Victim compensation for acts of terrorism and the limits of the state

Pages 199-218 | Received 23 May 2017, Accepted 27 Nov 2017, Published online: 07 Dec 2017
 

ABSTRACT

Little academic attention has been directed towards the victims of terrorism. This article begins to do so by interrogating how victims get compensated, and for how much, in North America and Western Europe. This article examines compensation from three vantage points. First, attention is directed to the variety of state programmes that have been mobilised over the last several decades to build individual and state resilience. I will suggest, however, that many of these programmes fall short, as they fail to meet victim needs. Indeed, as I subsequently illustrate, public and private philanthropy are playing an increasingly important role in providing victim support, sometimes superseding state contributions. Yet while they speak to an affective response that emerges out of and reinforces community building, they are also highly uneven and can entrench existing social inequalities. I then turn to examine the turn to the courts as a means both for recouping further compensation and for achieving some kind of accountability. Notably, the drive to provide victims with other mechanisms for compensation has led to new legislative mechanisms that are reshaping geopolitics by reworking the principle of sovereign immunity. Together, these examples of compensation trouble simplistic characterisations of victimhood while also illustrating how both victims and terrorism are being made governable, often with chilling consequences. They also expose the limits of the state and of state sovereignty.

Disclosure statement

No potential conflict of interest was reported by the author.

Notes

1. UN webpage “Supporting and Highlighting Victims of Terrorism”: https://www.un.org/counterterrorism/ctitf/en/supporting-and-highlighting-victims-terrorism.

2. EU website: “EU strengthens rules to prevent new forms of terrorism”: http://www.consilium.europa.eu/en/press/press-releases/2017/03/07-rules-to-prevent-new-forms-of-terrorism/. Already in 2004, the EU had instituted a requirement that all states provide compensation for victims of crime.

4. Feinberg has administered a wide range of funds to do with victim compensation, as we will see in more detail later, as well as for recent cases such as the BP oil spill in the Gulf of Mexico and Volkswagen’s fraudulent emissions data.

5. The role of advocacy groups – many organised by victims and their families – was crucial.

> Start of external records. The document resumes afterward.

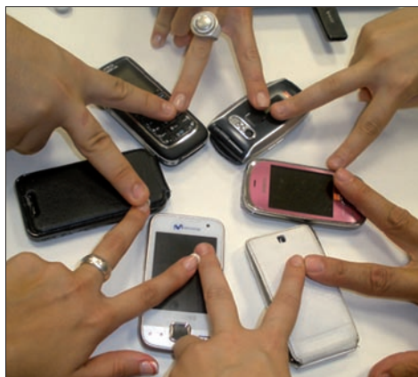
Figura 2. Imagen producida por el propio alumnado.

Resulta además indispensable referirnos a las interferencias que en nuestros contextos educativos ha supuesto la evolución del universo Internet. Facilita nuevas maneras de comprender la didáctica, la pedagogía y el arte (Escala, 2010).
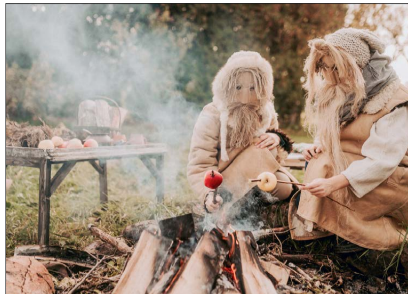
Valmiermuižā ar tradīcijām un tirgošanos tiks sagaidīta Mārtiņdiena

Sanākušie varēs mīloties ar Valmiermuižas alus virtuves un darītavas meistaru sarūpētajiem ēdieniem un dzērieniem.
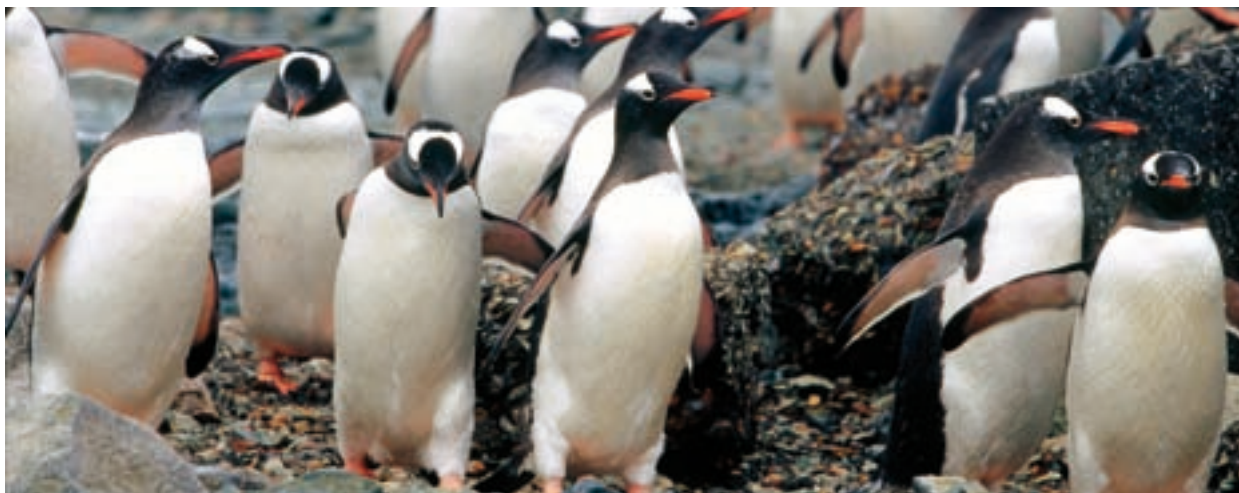
Un grup de pingüins de Papua o de corona blanca ( Pygoscelis papua ) a l'illa Danco, tornant del seu bany.

Les regles que els operadors turístics de l'Antàrtida es van imposar per conservar el medi ambient estableixen, entre moltes altres coses, que no poden desembarcar més de cent passatgers al mateix temps. Aquest és el motiu pel qual els creuers són petits i hi regna un ambient realment amigable, ja que tothom es coneix al segon dia de navegació.
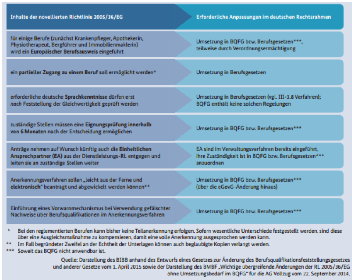
Abbildung 3: Änderungen infolge der novellierten EU-Berufsanerkennungsrichtlinie (BMBF, 2015, S. 40)
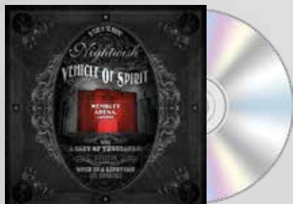
Vehicle of Spirit (2016)

A pandemia não dava trégua e a turnê de divulgação de Human :: Nature precisou ser adiada várias vezes. O maior problema interno, entretanto, surgiu quando Marko Hietala anunciou em 2021 que deixaria a banda alegando problemas de saúde mental e discordância de práticas da indústria fonográfica. “Estou deixando o Nightwish e minha vida pública. Há alguns anos não tenho sido

Dozens of groups emerged in response to 9/11, such as the World Trade Center Survivor’s Network and the Voices of 11 September (Bottigliero Citation2012; Gilbert and Ponder Citation2014; Fluri and Lehr Citation2015).

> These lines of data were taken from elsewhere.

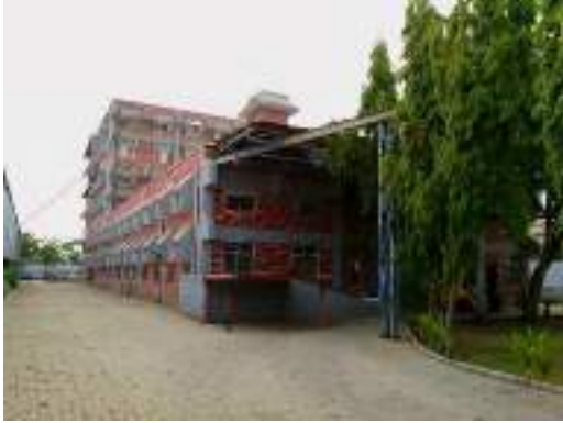
Зона экспортной погрузки, где осуществляется подготовка грузов с полной документацией

качества и прослеживаемости от источника до поставки компания гарантирует чистоту, надёжность и эффективность.
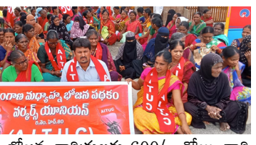
మధ్యహాన భోజన కార్మికులకు 600/- రోజు వారి చెల్లించుచున్నారు.కావున ఇక్కడ కూడ చెల్లించాలి. 7.పెన్షన్.10, 000/ చెల్లించాలి. 8.ప్రభుత్వం నిత్యావసర వస్తువులు,గానీ సెలిండర్ లు,కోడి గుడ్డు లు సరఫరా చేయాలి 9.7.26, 000/- కనీస వేతనాలు చెల్లించాలి, ప్రభుత్వ ఉద్యోగుల గుర్తింపాలి అని అన్నారు
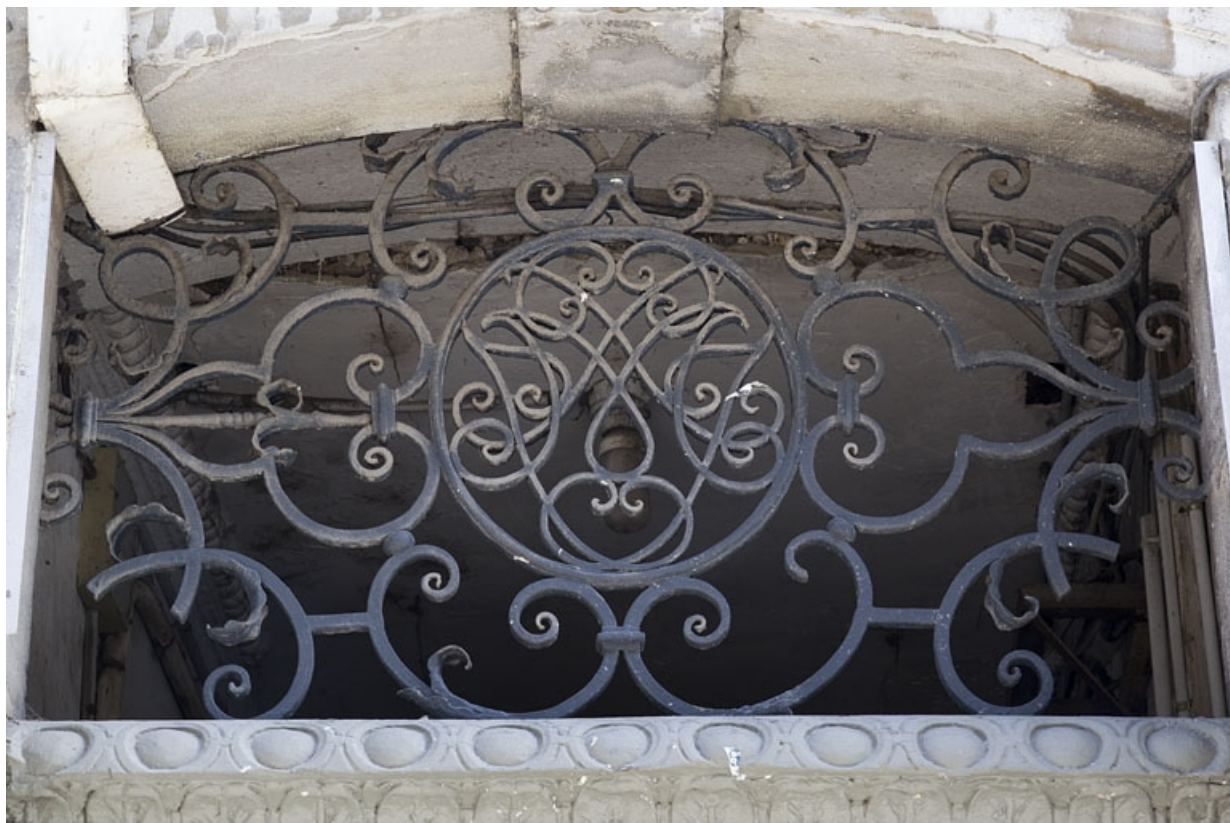
Logis principal, façade sur rue : détail du dessus de porte en ferronnerie de la porte du couloir.

25, Besançon Grande Rue 33, lieudit : îlot Bouteiller
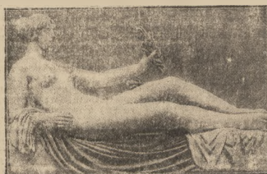
JEDNO Z ARCYDZIEŁ A. MAILLOL

Od genialnego Rodina do młodego pokolenia mistrzów francuskich
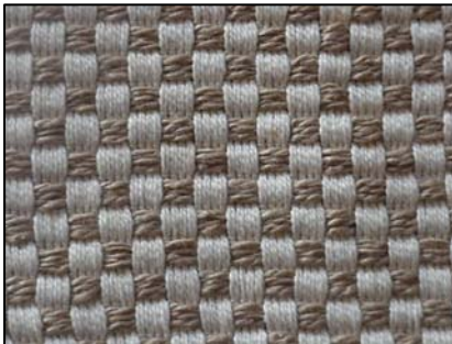
Tissu d'acrylique pour remplir
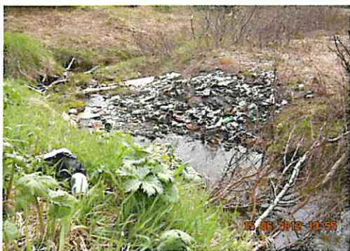
Søppel ved skogsbilvei.
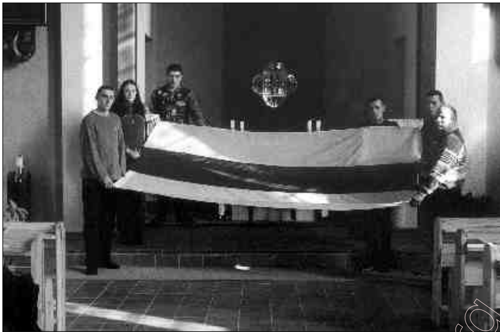
Асьвячэньне Сыюза ў касцёле на Піншчыне.

У час сьмяротнай небясьпекі для нацыі я адчуваю надыход сьветлага Адраджэньня Вялікай Беларусі. Можна, гэта здасца каму неабгрунтаваным, але я не магу не сказаць, што чую ў сваёй душы.
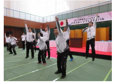
1/27 (日) 「2019 とくしまパラスポーツフェスティバル」オープニングダンス出演
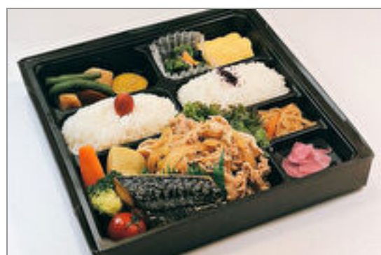
鯖塩焼きと豚生姜焼き弁当
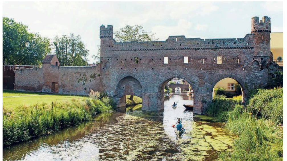
De Berkelruïne in Zutphen is 700 jaar oud.
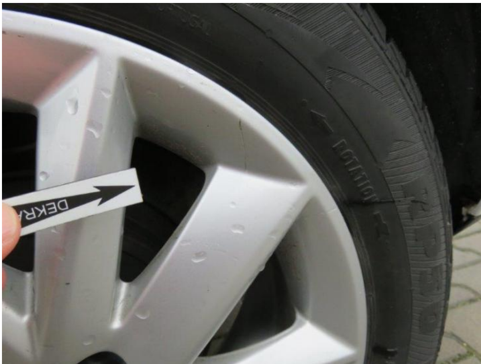
Fot. 51. tarcza koła TL
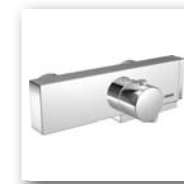
HANSACUBE- Wannen-Thermostat 5835 2101 verchromt
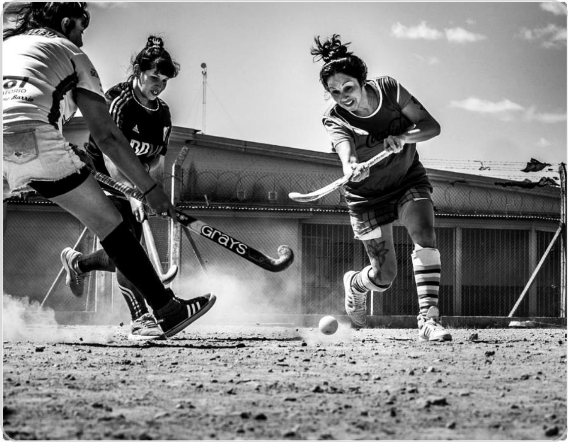
Foto 19. Disputa de la bocha durante el juego.

7. The monies that are available derive from a $9 billion penalty paid by French bank BNP Paribas for contravening sanctions against Iran, Sudan and Cuba. $1 billion will go to this new fund, with nearly $3 billion allocated to reopened VCF (as described earlier). Future monies for the fund will come from forfeited funds and property under the International Emergency Economic Powers Act or the Trading with the Enemy Act.

8. Justice for Victims of Terrorism Act: http://laws-lois.justice.gc.ca/eng/acts/J-2.5/FullText.html.

Additional information

Funding

This work was supported by the Social Sciences and Humanities Research Council of Canada [435-2017-1436].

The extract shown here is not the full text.